Since the roots aren't actually used *except* during a collection cycle, we don't both compacting the lists until the start of the next collection. At that time, the 'add' list is compacted by removing both duplicate entries and any entries found in the 'delete' list. The 'add' list is then used as the root set for the cycle.

In order for this to work, however, I definitely need a way to know when a reference has gone out of scope so that it can be added to the 'deleted' list.

-- Talin

Hi Talin,

I've been looking through the documentation (http://llvm.org/docs/GarbageCollection.html) on how to implement a garbage collector for LLVM and there's a couple of things that I don't quite understand. Specifically, it says that when a stack variable goes out of scope, you're supposed to assign a null value to it to indicate that the value is no longer live.

What I don't quite understand is how the GC can efficiently use this information.

The GC intrinsics exist for the type of collector which depends on metadata compiled alongside the function. At runtime, such a collector walks the dynamic call stack and merges that with the static metadata to identify dynamically live roots. Like "zero cost exception handling" or debug info, collecting this kind of metadata requires backend code generator support, which again is the reason these intrinsics exist.

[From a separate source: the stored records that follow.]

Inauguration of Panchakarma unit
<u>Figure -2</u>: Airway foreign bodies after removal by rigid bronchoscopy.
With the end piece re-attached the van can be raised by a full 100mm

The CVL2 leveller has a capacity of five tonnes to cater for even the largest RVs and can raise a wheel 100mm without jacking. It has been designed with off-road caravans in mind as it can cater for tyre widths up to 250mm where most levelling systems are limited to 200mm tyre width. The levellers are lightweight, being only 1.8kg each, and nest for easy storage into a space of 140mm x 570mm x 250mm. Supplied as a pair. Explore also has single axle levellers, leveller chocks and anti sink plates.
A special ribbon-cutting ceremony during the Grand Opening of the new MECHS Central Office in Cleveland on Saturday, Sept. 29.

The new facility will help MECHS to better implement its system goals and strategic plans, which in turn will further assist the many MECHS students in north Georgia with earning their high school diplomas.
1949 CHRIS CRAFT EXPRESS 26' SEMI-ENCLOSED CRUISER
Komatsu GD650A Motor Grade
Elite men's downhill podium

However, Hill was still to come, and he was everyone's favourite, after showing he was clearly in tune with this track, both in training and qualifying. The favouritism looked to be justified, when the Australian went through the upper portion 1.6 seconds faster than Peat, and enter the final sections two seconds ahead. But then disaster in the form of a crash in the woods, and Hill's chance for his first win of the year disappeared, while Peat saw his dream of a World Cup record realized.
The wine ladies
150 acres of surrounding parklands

The GC will generally have some data structure that represents a list of all current roots. Calling llvm.gcroot adds a pointer to the list. When the variable goes out of scope, you'll want to remove the pointer from the list. But merely assigning null to the value doesn't cause this to happen, it only prevents the object previously being pointed to from being traced. If the root pointer persists in the table long enough, that same stack address may get re-used for a different variable, which will be non-null, and cause bad things to happen.

It might be clearer if I explained what I want to do. The way that I manager root pointers is as follows: For each application thread, there's a pair of arrays stored in thread local data. One array is for adding roots, the other is for deleting roots. In other words, each time a root gets added, its address gets appended to the 'add' array; Each time a root is deleted, its pointer gets appended to the 'delete' array. Since both arrays are thread-local, there's no locking or synchronization required. If either list gets full, a collection cycle is triggered.

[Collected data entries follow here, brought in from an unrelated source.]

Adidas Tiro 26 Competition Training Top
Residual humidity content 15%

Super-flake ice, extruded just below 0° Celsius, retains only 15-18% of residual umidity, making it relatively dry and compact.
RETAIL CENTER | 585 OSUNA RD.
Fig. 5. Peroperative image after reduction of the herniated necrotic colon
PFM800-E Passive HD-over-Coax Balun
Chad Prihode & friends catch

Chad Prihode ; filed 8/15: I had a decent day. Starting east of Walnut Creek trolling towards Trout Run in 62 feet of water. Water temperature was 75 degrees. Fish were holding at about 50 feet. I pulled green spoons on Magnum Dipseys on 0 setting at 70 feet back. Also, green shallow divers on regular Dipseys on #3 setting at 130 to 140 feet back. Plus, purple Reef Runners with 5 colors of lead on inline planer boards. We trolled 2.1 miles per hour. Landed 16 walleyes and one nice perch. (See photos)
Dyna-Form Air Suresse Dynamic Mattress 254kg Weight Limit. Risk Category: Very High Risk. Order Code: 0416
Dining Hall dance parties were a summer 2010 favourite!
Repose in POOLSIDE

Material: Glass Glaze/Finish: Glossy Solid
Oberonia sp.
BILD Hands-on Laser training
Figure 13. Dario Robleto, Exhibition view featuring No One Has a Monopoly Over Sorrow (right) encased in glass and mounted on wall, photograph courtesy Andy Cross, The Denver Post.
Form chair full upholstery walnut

Since the roots aren't actually used *except* during a collection cycle, we don't both compacting the lists until the start of the next collection. At that time, the 'add' list is compacted by removing both duplicate entries and any entries found in the 'delete' list. The 'add' list is then used as the root set for the cycle.

Okay.

In order for this to work, however, I definitely need a way to know when a reference has gone out of scope so that it can be added to the 'deleted' list.

From what you've described, your collector does not need any code generator support. You could easily ignore the llvm.gc* intrinsics. Instead, your front-end could simply insert 'add' and 'remove' fragments as source variables enter and exit scope.

That said, it is possible to easily adapt LLVM's model to your runtime if you prefer to use the intrinsics. First, observe that the stack roots in a stack frame are valid until the function returns. Given that, you can adjust the 'add' and 'remove' arrays in a batch at the start and end of the function. To avoid keeping objects alive unnecessarily long, null the root as the variable goes out of scope, just as the LLVM manual suggests.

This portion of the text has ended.